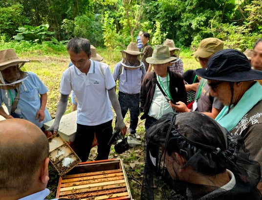 2024年10月、「日台養蜂技術交流会」に参加した日本の養蜂家50名が、東亜園の台湾養蜂場を訪れ、現地の養蜂技術を見学しました。
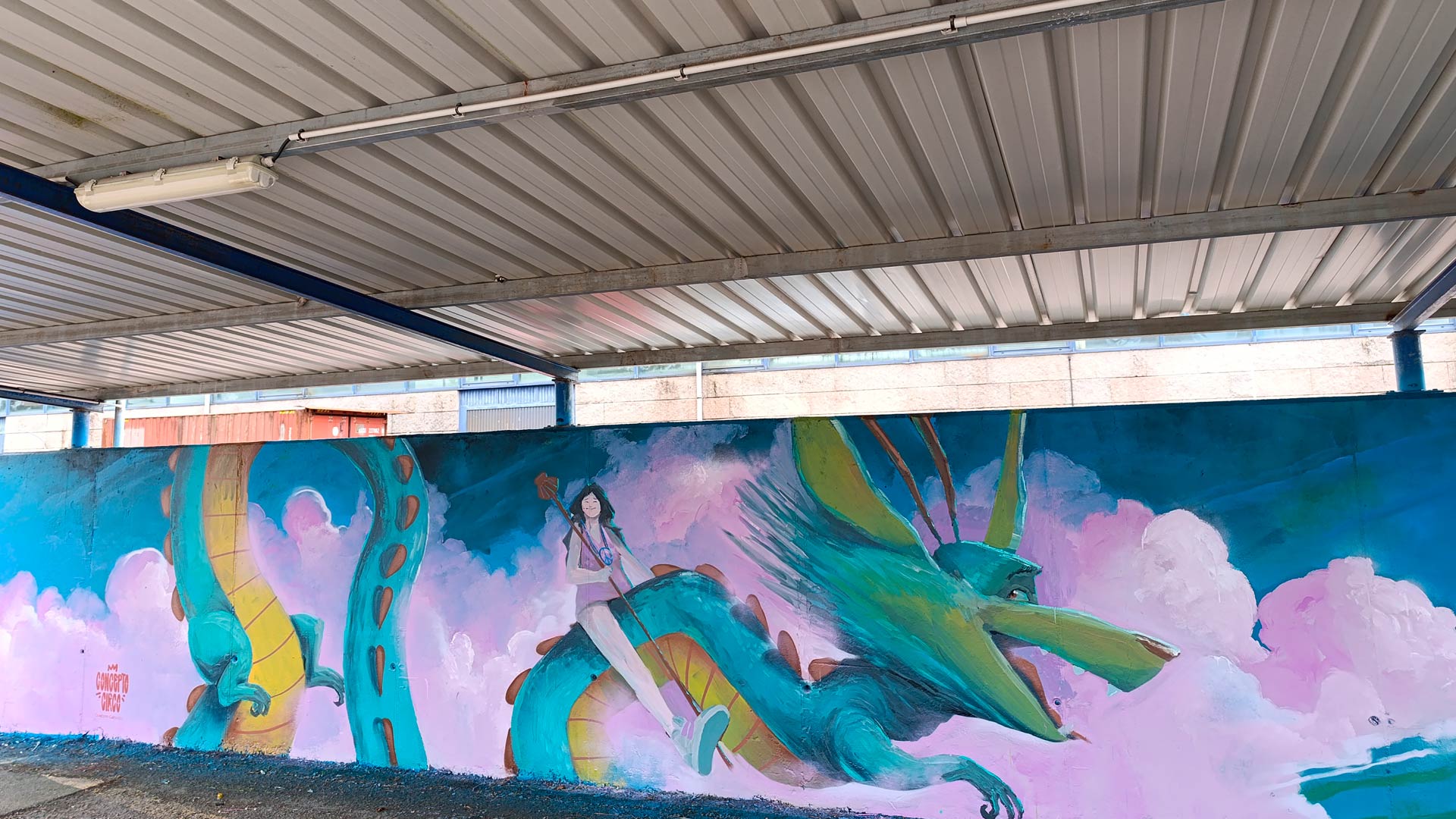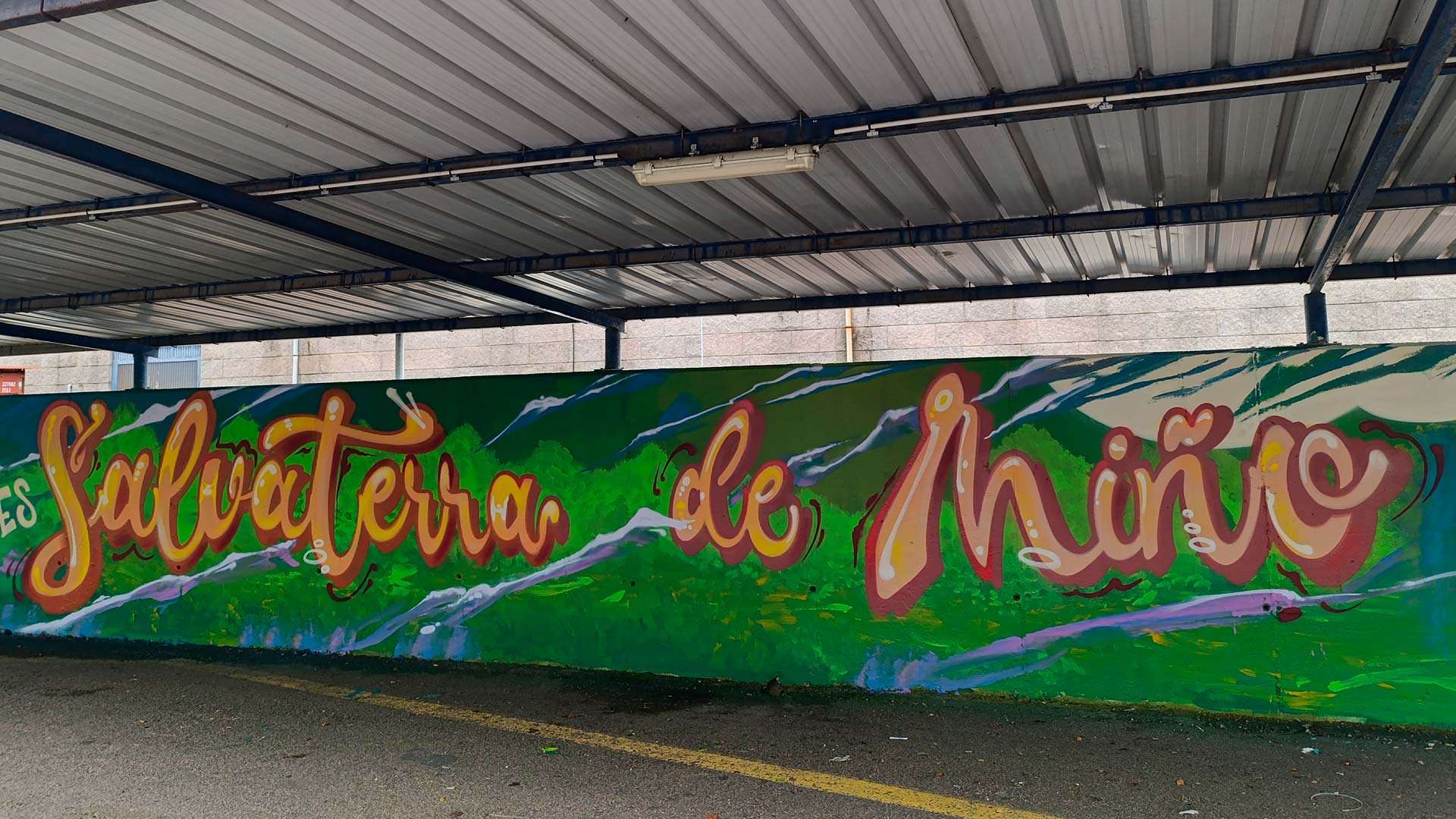 Durante tres días estuvimos en el IES Salvaterra de Miño para pintar un mural de unos setenta metros de longitud en los accesos del centro. El encargo llegó con una idea clara: trabajar una temática que conectara con el alumnado y que mostrara la lectura como punto de partida para imaginar, aprender y transformar. Desde ahí desarrollamos una composición en la que un niño leyendo da origen a una escena completa donde aparecen un bosque, una aventura protagonizada por una chica y una tipografía con el nombre del instituto.
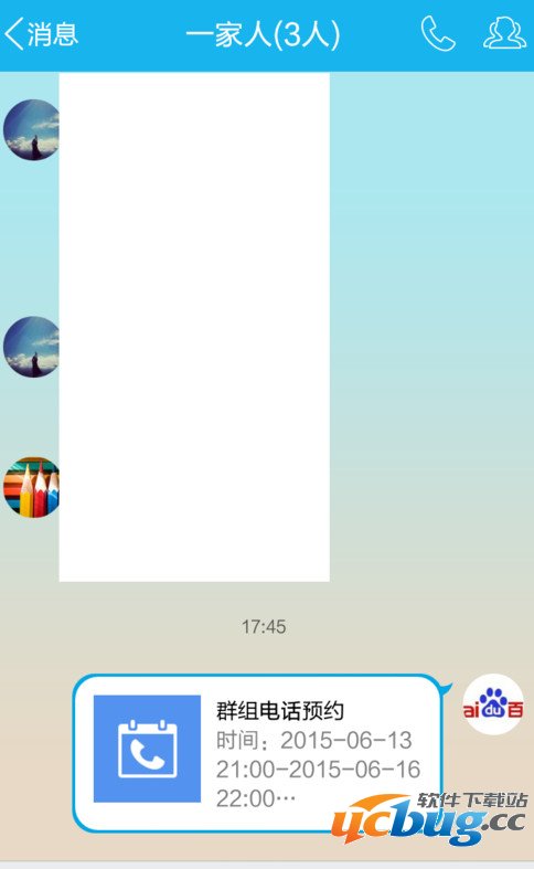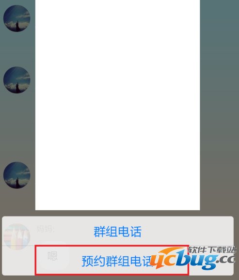 打开讨论组聊天页面以后,点击页面右上方的“电话”标志的按钮,接下来就会在页面最下方弹出菜单按钮,我们选择“预约群组电话”选项
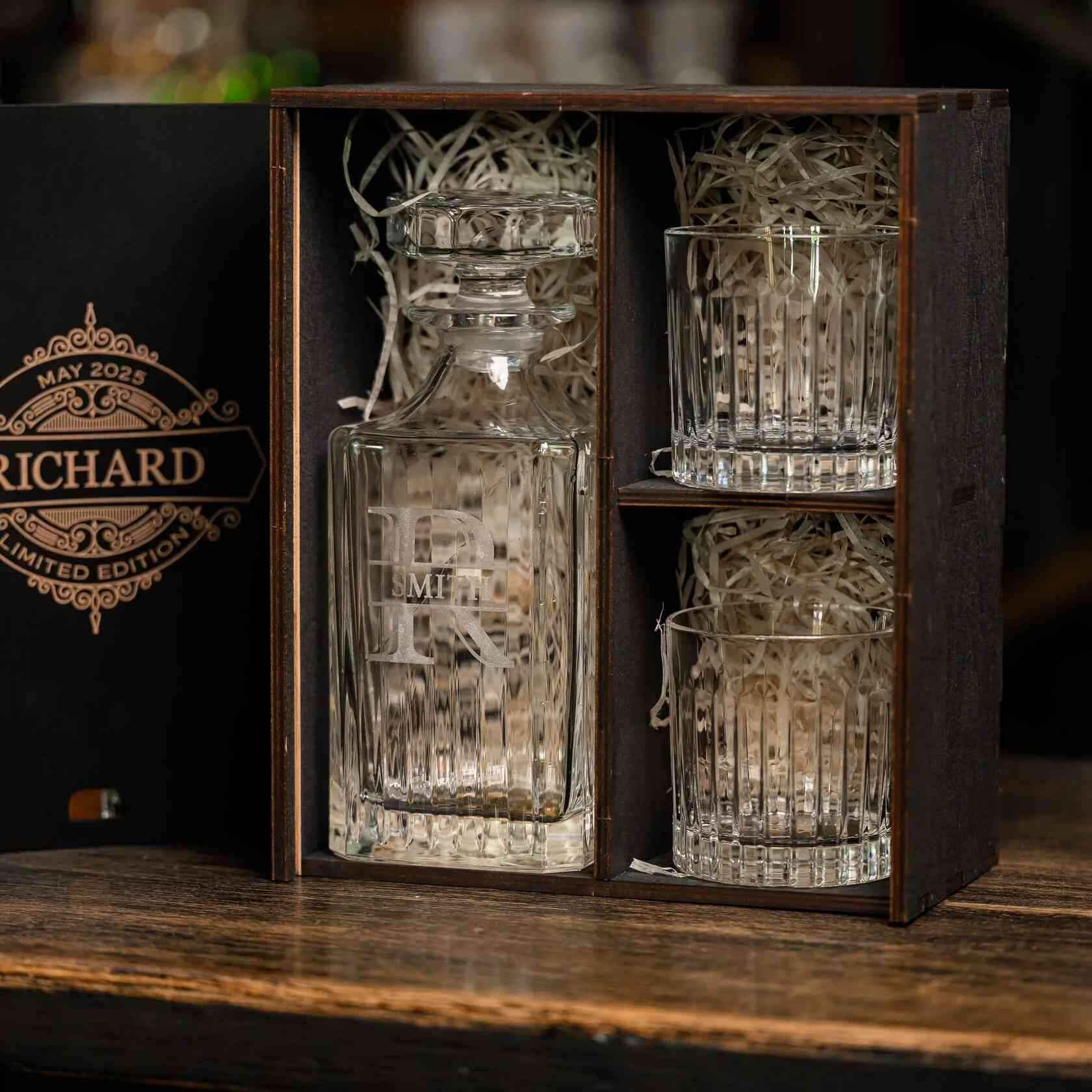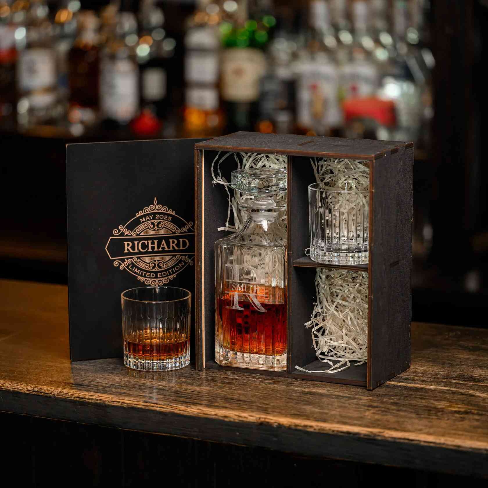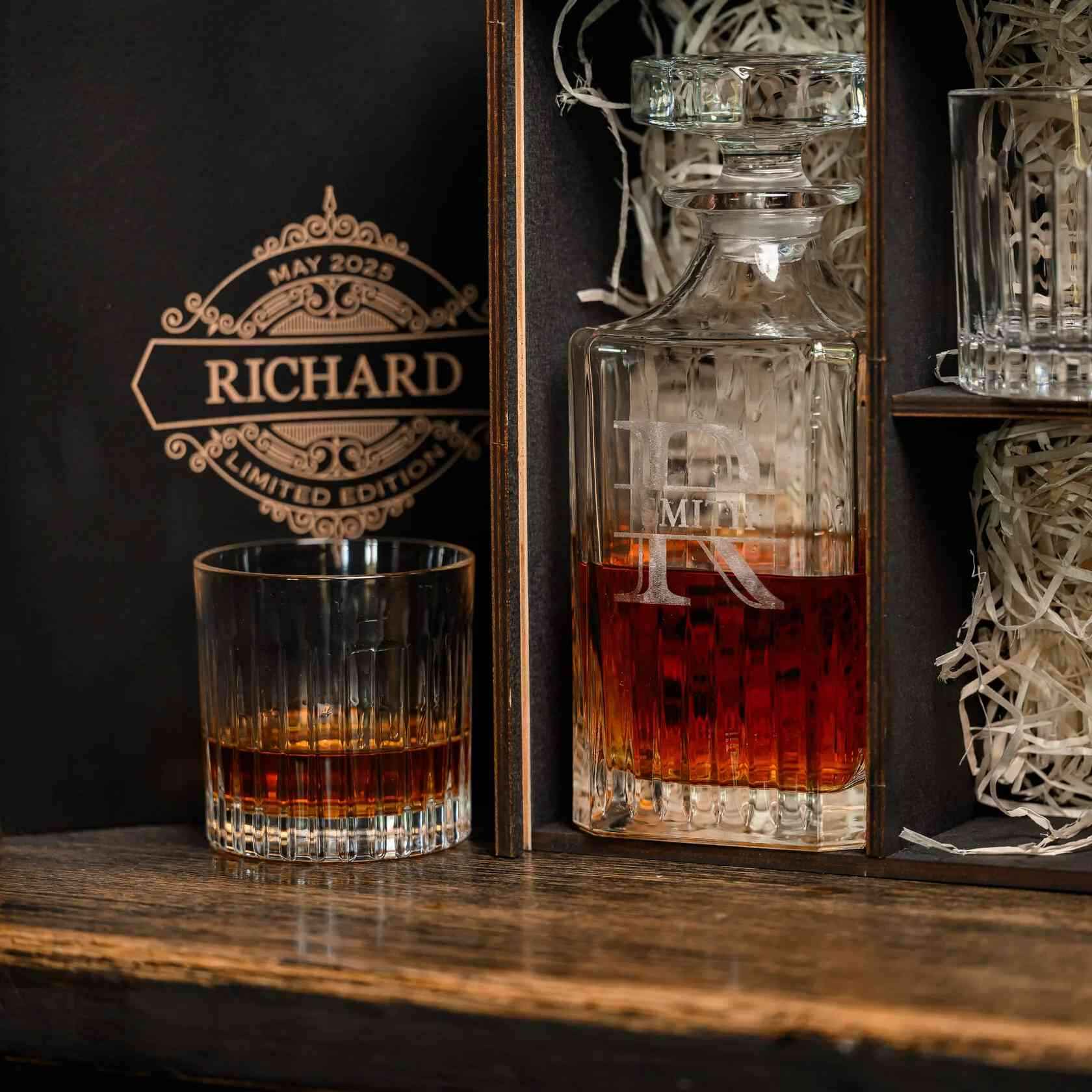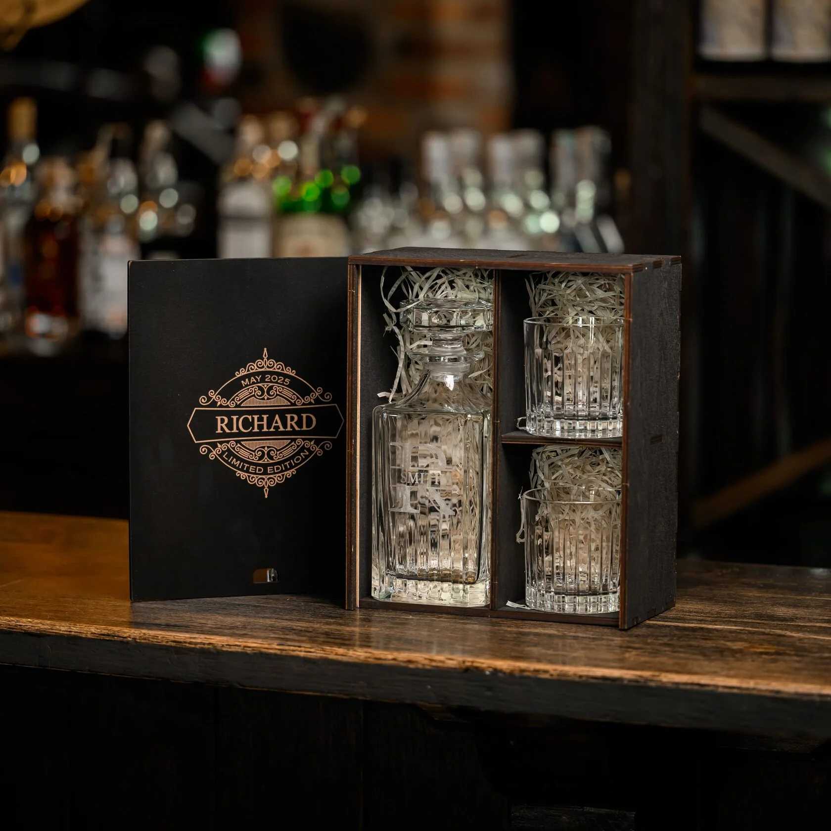 — Индивидуальная гравировка: без гравировки / на крышке коробки/ крышке и стаканах, декантере /, крышке, стаканах, декантере и подставках

━━━━

▶ _Work instructions_
Transcribe the data verbatim. No picture belongs in the result.

▶ _Response_
 2024年10月、「日台養蜂技術交流会」に参加した日本の養蜂家50名が、東亜園の台湾養蜂場を訪れ、現地の養蜂技術を見学しました。
 Durante tres días estuvimos en el IES Salvaterra de Miño para pintar un mural de unos setenta metros de longitud en los accesos del centro. El encargo llegó con una idea clara: trabajar una temática que conectara con el alumnado y que mostrara la lectura como punto de partida para imaginar, aprender y transformar. Desde ahí desarrollamos una composición en la que un niño leyendo da origen a una escena completa donde aparecen un bosque, una aventura protagonizada por una chica y una tipografía con el nombre del instituto.
 打开讨论组聊天页面以后,点击页面右上方的“电话”标志的按钮,接下来就会在页面最下方弹出菜单按钮,我们选择“预约群组电话”选项
 — Индивидуальная гравировка: без гравировки / на крышке коробки/ крышке и стаканах, декантере /, крышке, стаканах, декантере и подставках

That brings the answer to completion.